(Prompt) Look through the material below and say how many of its lines carry the string "free". Only the number should be given.

(Provided data)
<<<<

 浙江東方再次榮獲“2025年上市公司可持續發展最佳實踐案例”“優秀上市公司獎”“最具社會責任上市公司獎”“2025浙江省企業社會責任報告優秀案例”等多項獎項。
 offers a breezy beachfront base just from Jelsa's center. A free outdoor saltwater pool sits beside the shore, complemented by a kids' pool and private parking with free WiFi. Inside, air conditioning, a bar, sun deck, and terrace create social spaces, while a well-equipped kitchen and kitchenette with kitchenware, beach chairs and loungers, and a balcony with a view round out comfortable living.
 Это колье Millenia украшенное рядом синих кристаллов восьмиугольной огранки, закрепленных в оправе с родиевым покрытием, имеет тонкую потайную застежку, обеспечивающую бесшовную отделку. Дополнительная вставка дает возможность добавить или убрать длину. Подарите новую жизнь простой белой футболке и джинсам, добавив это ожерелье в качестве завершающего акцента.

>>>>
<<<<

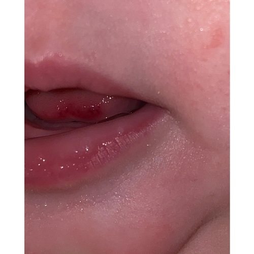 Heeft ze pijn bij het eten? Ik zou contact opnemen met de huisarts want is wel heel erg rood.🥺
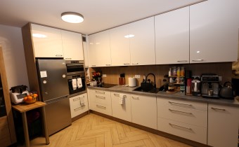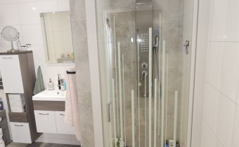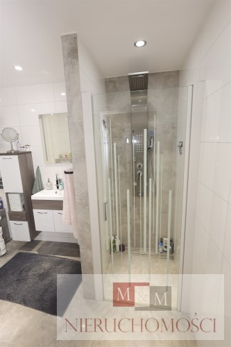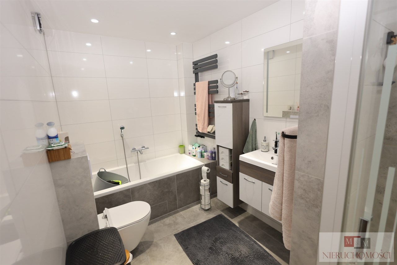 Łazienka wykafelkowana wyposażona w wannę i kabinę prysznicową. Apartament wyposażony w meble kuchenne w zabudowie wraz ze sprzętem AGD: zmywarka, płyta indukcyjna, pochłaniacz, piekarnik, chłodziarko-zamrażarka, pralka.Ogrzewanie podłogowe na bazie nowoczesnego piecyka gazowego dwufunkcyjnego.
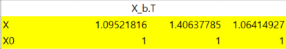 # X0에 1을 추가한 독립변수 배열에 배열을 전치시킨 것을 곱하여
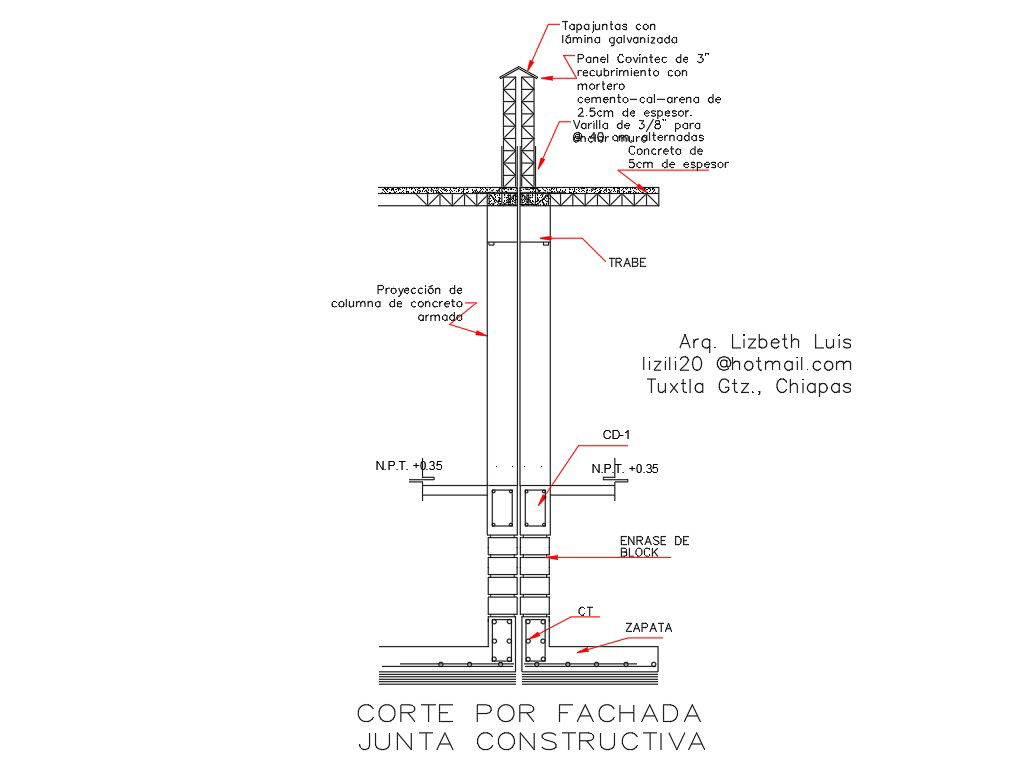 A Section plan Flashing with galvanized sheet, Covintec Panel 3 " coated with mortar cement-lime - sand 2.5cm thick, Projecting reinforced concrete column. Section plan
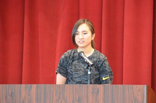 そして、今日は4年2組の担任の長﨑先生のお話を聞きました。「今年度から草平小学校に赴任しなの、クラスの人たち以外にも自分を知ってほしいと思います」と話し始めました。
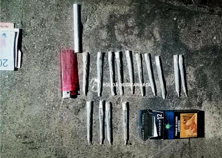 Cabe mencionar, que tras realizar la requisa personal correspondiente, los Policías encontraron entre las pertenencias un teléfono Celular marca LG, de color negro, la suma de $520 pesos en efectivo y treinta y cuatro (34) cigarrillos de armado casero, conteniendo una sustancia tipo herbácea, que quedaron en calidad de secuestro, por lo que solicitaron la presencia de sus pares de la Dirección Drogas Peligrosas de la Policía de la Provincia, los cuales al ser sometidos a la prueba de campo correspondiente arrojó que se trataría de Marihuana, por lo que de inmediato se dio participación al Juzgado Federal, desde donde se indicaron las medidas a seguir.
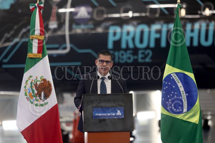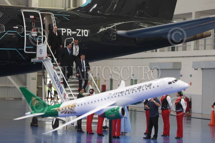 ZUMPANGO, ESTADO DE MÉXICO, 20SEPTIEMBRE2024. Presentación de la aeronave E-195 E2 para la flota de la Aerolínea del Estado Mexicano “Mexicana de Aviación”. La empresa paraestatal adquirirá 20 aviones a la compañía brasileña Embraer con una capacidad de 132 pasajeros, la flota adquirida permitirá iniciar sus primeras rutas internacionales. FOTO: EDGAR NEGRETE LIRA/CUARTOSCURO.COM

>>>>
<<<<

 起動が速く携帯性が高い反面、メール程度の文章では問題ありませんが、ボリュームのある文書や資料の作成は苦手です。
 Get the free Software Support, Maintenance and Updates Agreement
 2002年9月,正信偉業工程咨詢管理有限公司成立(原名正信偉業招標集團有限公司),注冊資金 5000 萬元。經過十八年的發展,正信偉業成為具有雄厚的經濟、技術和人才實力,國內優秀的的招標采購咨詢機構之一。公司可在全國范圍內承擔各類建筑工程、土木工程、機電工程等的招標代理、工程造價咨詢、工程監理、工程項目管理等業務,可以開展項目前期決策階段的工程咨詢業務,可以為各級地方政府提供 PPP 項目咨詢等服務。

>>>>

(Written answer) 2